Records provided
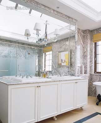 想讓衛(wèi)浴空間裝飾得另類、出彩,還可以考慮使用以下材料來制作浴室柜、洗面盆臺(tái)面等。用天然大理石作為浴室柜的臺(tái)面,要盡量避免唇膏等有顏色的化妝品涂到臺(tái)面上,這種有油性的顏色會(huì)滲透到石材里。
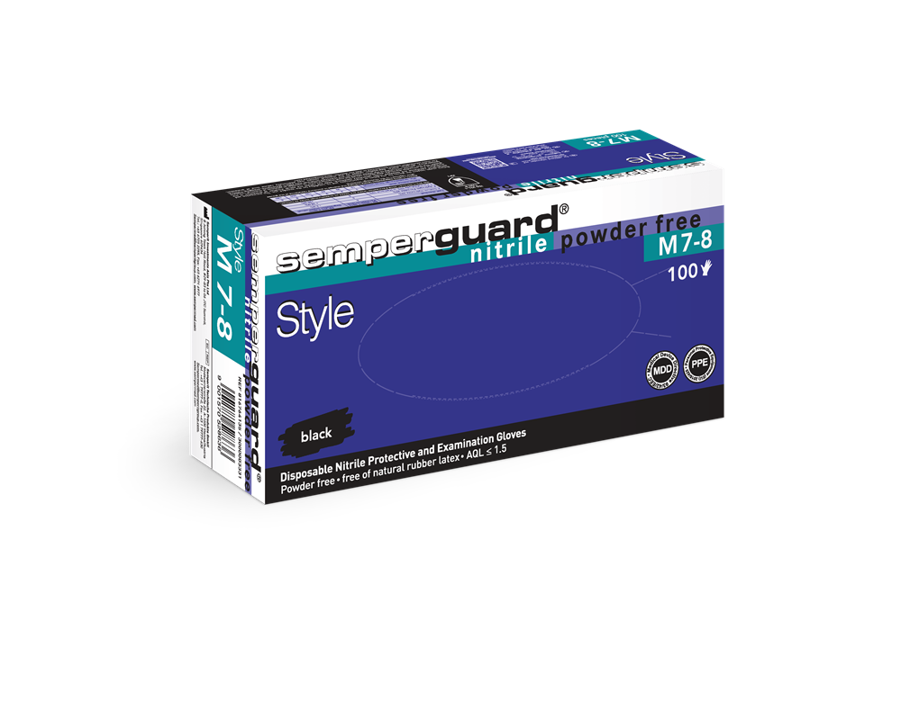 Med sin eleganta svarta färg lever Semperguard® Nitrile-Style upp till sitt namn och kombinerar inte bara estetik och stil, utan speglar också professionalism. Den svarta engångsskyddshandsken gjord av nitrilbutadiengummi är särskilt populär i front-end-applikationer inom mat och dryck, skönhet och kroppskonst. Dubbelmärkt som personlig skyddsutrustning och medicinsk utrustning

...

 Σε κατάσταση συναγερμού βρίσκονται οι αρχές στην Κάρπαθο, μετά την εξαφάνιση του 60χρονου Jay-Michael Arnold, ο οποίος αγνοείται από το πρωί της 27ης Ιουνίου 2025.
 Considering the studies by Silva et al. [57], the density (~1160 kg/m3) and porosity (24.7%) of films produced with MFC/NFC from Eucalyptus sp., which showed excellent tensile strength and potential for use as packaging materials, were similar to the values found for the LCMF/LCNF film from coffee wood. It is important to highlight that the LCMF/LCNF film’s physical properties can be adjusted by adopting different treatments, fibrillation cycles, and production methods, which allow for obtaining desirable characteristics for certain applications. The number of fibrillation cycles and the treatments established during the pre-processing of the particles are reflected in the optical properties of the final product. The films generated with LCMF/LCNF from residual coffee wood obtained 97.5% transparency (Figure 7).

Work to complete
Copy exactly the lines of the listing above between the one holding "想讓衛(wèi)浴空間裝飾得" and the one holding "Med sin eleganta", inclusive; omit all pictures.

Solution
 想讓衛(wèi)浴空間裝飾得另類、出彩,還可以考慮使用以下材料來制作浴室柜、洗面盆臺(tái)面等。用天然大理石作為浴室柜的臺(tái)面,要盡量避免唇膏等有顏色的化妝品涂到臺(tái)面上,這種有油性的顏色會(huì)滲透到石材里。
 Med sin eleganta svarta färg lever Semperguard® Nitrile-Style upp till sitt namn och kombinerar inte bara estetik och stil, utan speglar också professionalism. Den svarta engångsskyddshandsken gjord av nitrilbutadiengummi är särskilt populär i front-end-applikationer inom mat och dryck, skönhet och kroppskonst. Dubbelmärkt som personlig skyddsutrustning och medicinsk utrustning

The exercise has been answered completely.